An analytics API built around one hard constraint: ingest large Excel/CSV uploads fast and cleanly, without corrupting the live dataset if the file is malformed. The ingestion pipeline went through three iterations before hitting 1M+ rows in 0.35 seconds.
- Pre-write schema validation: validates every uploaded Excel/CSV file against the expected schema before a single row touches the database — prevents data corruption against live production datasets under tight deadlines
- 1M+ rows in 0.35 s: achieved through streaming parsing (CsvHelper), 20K-row batching, and SqlBulkCopy via EFCore.BulkExtensions — not a single approach but a pipeline where each layer handles a different bottleneck
- Analytics endpoints: profit reporting, top/bottom-performing product rankings, and parameterized product search — designed for real business queries, not toy examples
Overview
The Purchase & Sales Analytics API ingests bulk purchase and sales data from Excel and CSV uploads, then exposes analytics endpoints for profit reporting, top/bottom product rankings, and parameterized product search. The hard part is not the analytics — it is the ingestion.
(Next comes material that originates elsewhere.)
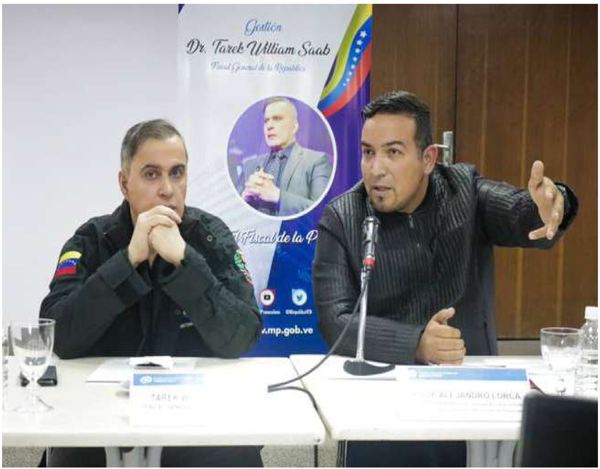
They will hold a national meeting of Environmental Prosecutors

n a meeting held between the attorney general of the Republic, Tarek William Saab , and the People's Power Minister for Ecosocialism, Josué Lorca, they agreed to draw up a manual of procedures between both entities.

A malformed upload must never reach the live dataset, and the pipeline has to stay fast even at scale.
Challenge
- Hard constraint on data integrity: a malformed Excel or CSV file could corrupt the live production dataset, so validation has to happen before a single row is written.
- Performance under load: the target was to ingest files with millions of rows without timing out or exhausting memory.
- Three bottlenecks, one pipeline: parsing, batching, and bulk write each contributed their own bottleneck, and no single optimization was enough.
Solution
- Pre-write schema validation: every uploaded file is validated against the expected schema before any row touches the database, protecting the live dataset under tight deadlines.
- Streaming parsing with CsvHelper to avoid loading the entire file into memory.
- 20K-row batching to balance round-trip overhead against transaction size.
- SqlBulkCopy via EFCore.BulkExtensions for the final write, pushing past EF Core’s per-row insertion cost.
- Analytics endpoints for profit reporting, top/bottom product rankings, and parameterized product search, designed for real business queries rather than toy examples.
Lessons Learned
The lesson here is that performance is a pipeline problem, not a single-knob problem. Streaming parsing fixed memory. Batching fixed round-trip overhead. Bulk insert fixed EF Core’s per-row cost. None of the three on its own would have hit 1M+ rows in 0.35s, and the engineering work was identifying which layer was the current bottleneck at each iteration.